Rappler CEO Maria Ressa asks the National Bureau of Investigation to stop the investigation for lack of legal basis

MANILA, Philippines – Rappler on Thursday, February 1, submitted to the National Bureau of Investigation (NBI) its counter-affidavit against the cyber libel complaint of businessman Wilfredo Keng.

Rappler CEO and Executive Editor Maria Ressa and former Rappler reporter Reynaldo Santos Jr filed their answers to the complaint through their counsel.

Both counter-affidavits argued that there was no crime of cyber libel because the report that is subject of the complaint was published in May 2012 or 4 months before the Cybercrime Prevention Act was enacted in September 2012. All criminal laws are not retroactive.


In his complaint, Keng said that because Rappler updated the report on February 19, 2014, a crime still happened after the enactment of the law.

In Ressa’s answer, she said that the cyber crime law did not differentiate cyber libel to the ordinary crime of libel penalized under Article 355 of the Revised Penal Code (RPC).

She cited a Supreme Court resolution on the Cybercrime law: “But again, online libel is not a new crime.
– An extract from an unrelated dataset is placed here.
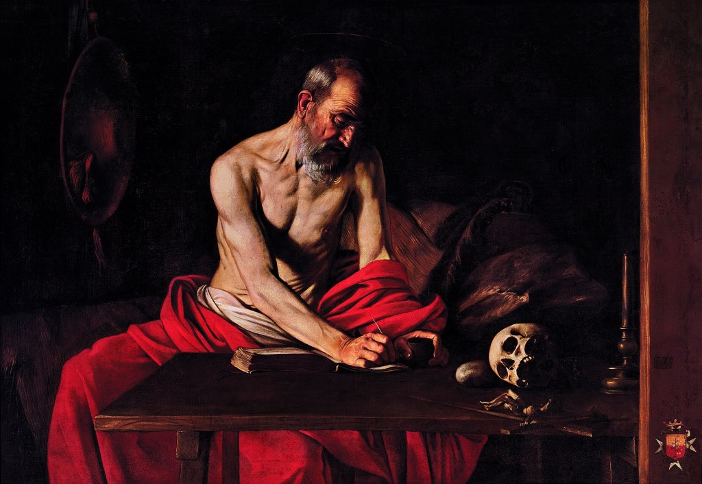 Зараз буде трішки контексту про самого св. Єроніма, аби ми краще зрозуміли символіку. Перше і найважливіше – Св. Єронім Стридонський переклав Біблію на латину, і його переклад, відомий як Вульґата, став першим загальноприйнятим текстом Святого Письма латиною. Він проіснував без жодних правок аж до 1979 р. Після коректувань, внесених у 1979 р., цей текст відомий як Неовульґата.
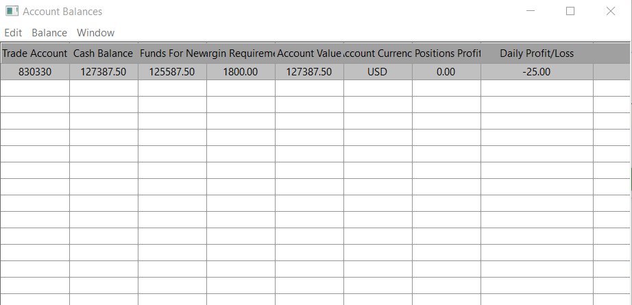 Please your help, I cannot place orders in trading evaluator, Market MES, order of 3 contracts Trading Evaluator order update (Order reject). Info: Trade Order Error - Account currency not set. Text: Parent order. Tag: MES 3 C.twconfig. Internal Order ID: 495. Service Order ID: 412738. Symbol: MESU20. Account: 830330 | 2020-07-13 03:04:20.179 * Everything was working fine, some times sierra annoy me with this errors. i attached the images of the account Thanks |

It is essentially the old crime of libel found in the 1930 Revised Penal Code and transposed to operate in the cyberspace.”

Since they’re the same, Ressa said Article 90 of the RPC extinguishes criminal liability within one year. Keng filed the complaint in October 2017.

“Since it has already been more than five (5) years after the said article was published and almost three (3) years after it was updated, and to date, no complaint has been filed with any prosecutor, with regard to the publication of the said article, then it is obvious that the crime of libel has already been totally extinguished by prescription,” Ressa said.

“Without any crime, there is no reason for this Honorable Office to conduct an investigation involving me or anybody from Rappler,” Ressa said.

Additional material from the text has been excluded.